Tim dari Institute of Cancer Research dan Queen Mary University mengembangkan teknologi berbasis biologi evolusi untuk memprediksi resistensi kanker usus terhadap kemoterapi. Mereka menemukan metode EIRAs untuk mengidentifikasi perubahan genetik atau non-genetik yang menyebabkan resistensi. Ini bertujuan untuk merancang obat baru yang lebih efektif dan melakukan penyesuaian pada pengobatan yang ada.
Para peneliti dari Institute of Cancer Research, London dan Queen Mary University of London baru saja mengembangkan teknologi baru yang memanfaatkan biologi evolusi untuk mengukur serta memprediksi cara sel kanker berevolusi setelah terpapar pengobatan baru. Penelitian ini sangat penting terkait dengan kanker usus, yang merupakan kanker keempat paling umum di Inggris, dengan sekitar 44,100 kasus baru setiap tahunnya.
Banyak pengobatan kanker usus yang menggunakan kemoterapi, yang faktanya belum berubah selama hampir 50 tahun. Pasien dengan penyakit tahap lanjut seringkali meninggal karena resistensi obat, dimana kanker berhenti merespons pengobatan. Ini disebabkan oleh perubahan molekuler dalam sel kanker, membuat pengobatan tidak efektif.

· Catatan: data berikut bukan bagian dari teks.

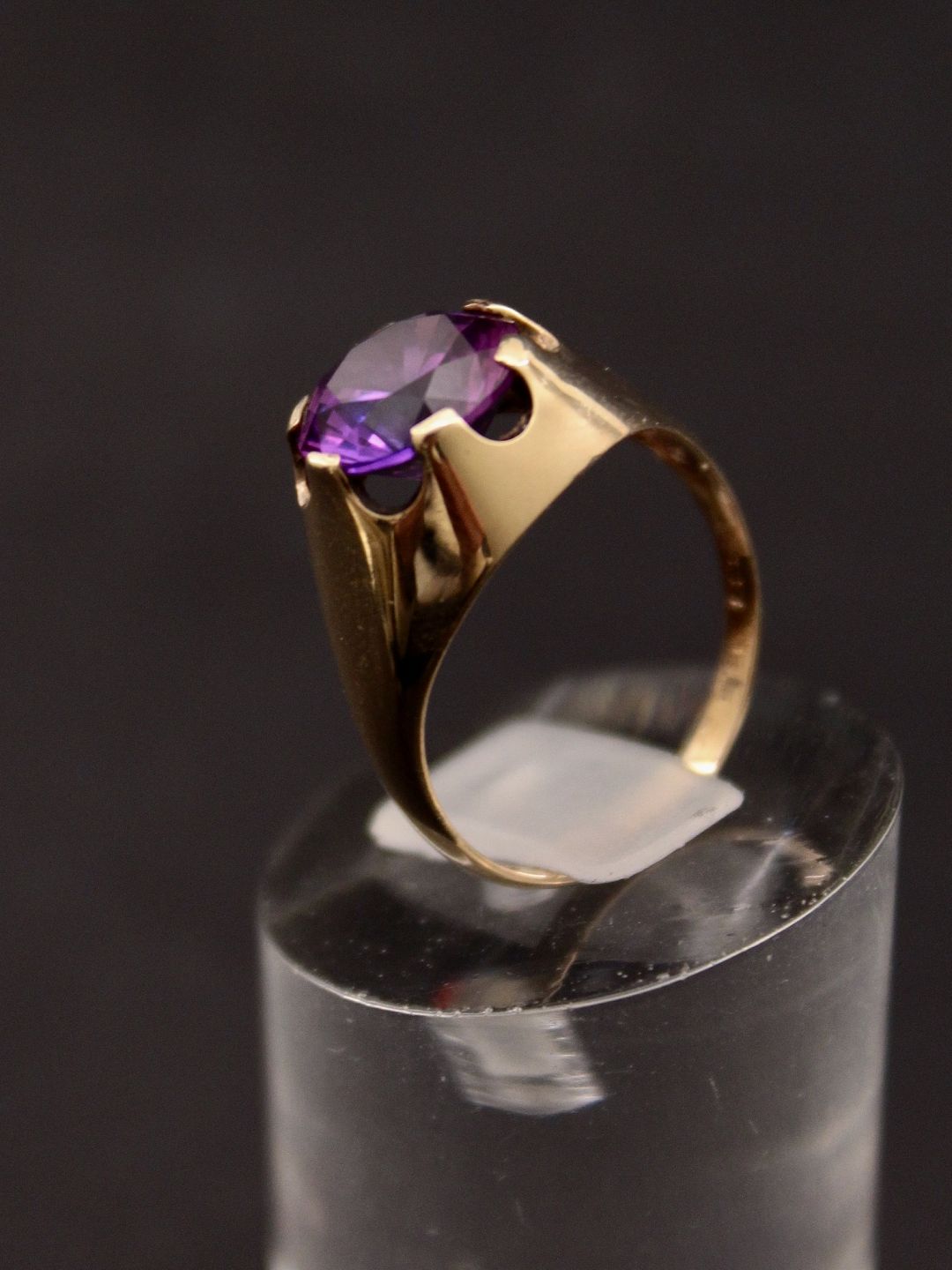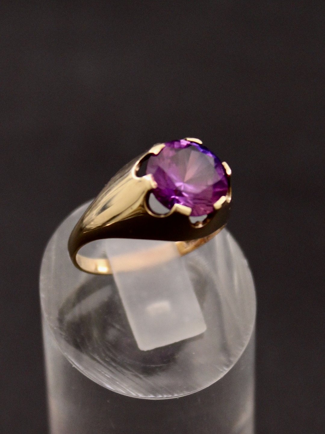 8 karat guld ring størrelse 52 med ametyst stemplet 333 HS for guldsmed Herman Siersbøl København emne nr. 601514

Dengan memahami bagaimana resistensi ini berkembang, peneliti berharap bisa merancang obat baru yang lebih baik dan menargetkan mekanisme resistensi tersebut. Hal ini juga akan membantu dokter dalam menggunakan obat yang ada dengan lebih optimal, serta melakukan penyesuaian dosis jika diperlukan.
Dalam penelitian yang diterbitkan di jurnal Nature Communications, tim mencatat sel kanker usus saat mereka mengalami resistensi terhadap kemoterapi. Mereka menggunakan pemodelan matematis untuk menentukan kapan resistensi terhadap obat mulai muncul, dan menemukan penyebabnya, apakah dari mutasi genetik langka atau perubahan non-genetik.
Metode ini, yang disebut EIRAs (Evolutionary Informed Resistance Assays), kini telah dikembangkan sebagai alat yang dapat diterapkan dalam proses pengembangan obat baru. Harapannya, EIRAs dapat membantu merancang obat yang dipersonalisasi untuk menargetkan jalur yang telah diambil tumor pasien untuk berevolusi menjadi resisten.
Tim peneliti juga sedang mencari mitra komersial untuk melanjutkan penelitian ini, sambil berkolaborasi dengan Pusat Penemuan Obat Kanker di ICR. Mereka telah mengajukan paten atas teknologi ini, yang dapat digunakan untuk mendukung pengembangan beberapa obat kanker, sudah mulai mengeksplorasi penggunaannya untuk kanker ovarium dan payudara.
Profesor Trevor Graham, seorang ahli dalam genomika dan evolusi di ICR, mengatakan bahwa sel kanker, mirip seperti bakteri, dapat berevolusi menjadi resisten terhadap kemoterapi. “Dengan mempelajari sel kanker usus seiring waktu saat kami mengobatinya, kami dapat mengembangkan teknologi pembelajaran mesin yang dapat mengurai bagaimana dan kapan sel ini menjadi resisten.”
Dari perspektif lain, Profesor Kristian Helin, CEO ICR, menyoroti bahwa pekerjaan ini akan membantu mengidentifikasi target baru untuk menangani kanker setelah resistensi berkembang. “Institut Penelitian Kanker memiliki rekam jejak yang tak tertandingi dalam penemuan obat, dan saya berharap bisa melihat kemajuan teknologi ini.”
Penelitian ini menunjukkan harapan baru dalam pengobatan kanker usus dengan memahami dan memprediksi bagaimana sel kanker mengembangkan resistensi terhadap pengobatan. Dengan teknologi EIRAs, peneliti bertujuan menciptakan obat yang lebih efektif dan personal, serta mengoptimalkan penggunaan obat yang sudah ada. Kerjasama antara investor dan institusi penelitian diharapkan dapat mempercepat penyembuhan bagi pasien kanker.